Leitsatz (amtlich)
Schadensersatzansprüche aus der Schlechterfüllung eines selbständigen, unentgeltlichen Auskunfts- oder Beratungsvertrags verjähren gemäß § 195 BGB in 30 Jahren.
Normenkette
BGB §§ 195, 676
Verfahrensgang
OLG Köln (Aktenzeichen 2 U 107/96) |
LG Köln (Aktenzeichen 8 O 94/95) |
Tenor
Auf die Revision des Klägers wird das Urteil des 2. Zivilsenats des Oberlandesgerichts Köln vom 7. Mai 1997 im Kostenpunkt und insoweit aufgehoben, als die Klage gegen die Beklagte zu 1 abgewiesen worden ist.

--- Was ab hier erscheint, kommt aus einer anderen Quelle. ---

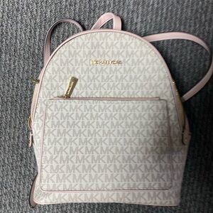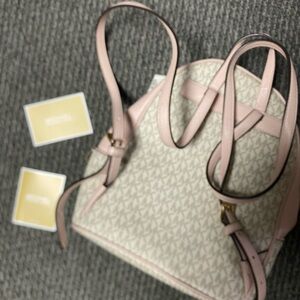 Matching Michael Kors set featuring signature MK logo print. Includes a mini backpack and a compact crossbody. Pale pink trim and gold-tone hardware. Clean, versatile styles for daily use.

Im Umfang der Aufhebung wird die Sache zur anderweiten Verhandlung und Entscheidung an das Berufungsgericht zurückverwiesen.
Die Entscheidung über die Kosten des Revisionsverfahrens bleibt dem Schlußurteil vorbehalten.
Von Rechts wegen
Tatbestand
Der Kläger, ein selbständiger Malermeister, wurde 1987 von der G. B. H. eG als Bauträgerin mit dem Außenanstrich an dem Neubau einer Eigentumswohnungsanlage in R. beauftragt. Wegen des hierfür erforderlichen Anstrichs an unterschiedlichen verzinkten Metallteilen führte der Kläger vor Arbeitsbeginn mit dem Beklagten zu 2, einem Außendienstmitarbeiter und Fachberater der Beklagten zu 1, die Farben und Lacke herstellt, ein Beratungsgespräch. Dessen Inhalt ist zwischen den Parteien streitig. Der Kläger reinigte den verzinkten Untergrund – nach seiner Behauptung entsprechend den Empfehlungen des Beklagten zu 2 – fälschlich mit Nitroverdünnung und trug sodann die im Großhandel erworbene und jedenfalls überwiegend von der Beklagten zu 1 produzierte Farbe auf. Nach Ausführung der Arbeiten platzte die Beschichtung von dem Untergrund ab.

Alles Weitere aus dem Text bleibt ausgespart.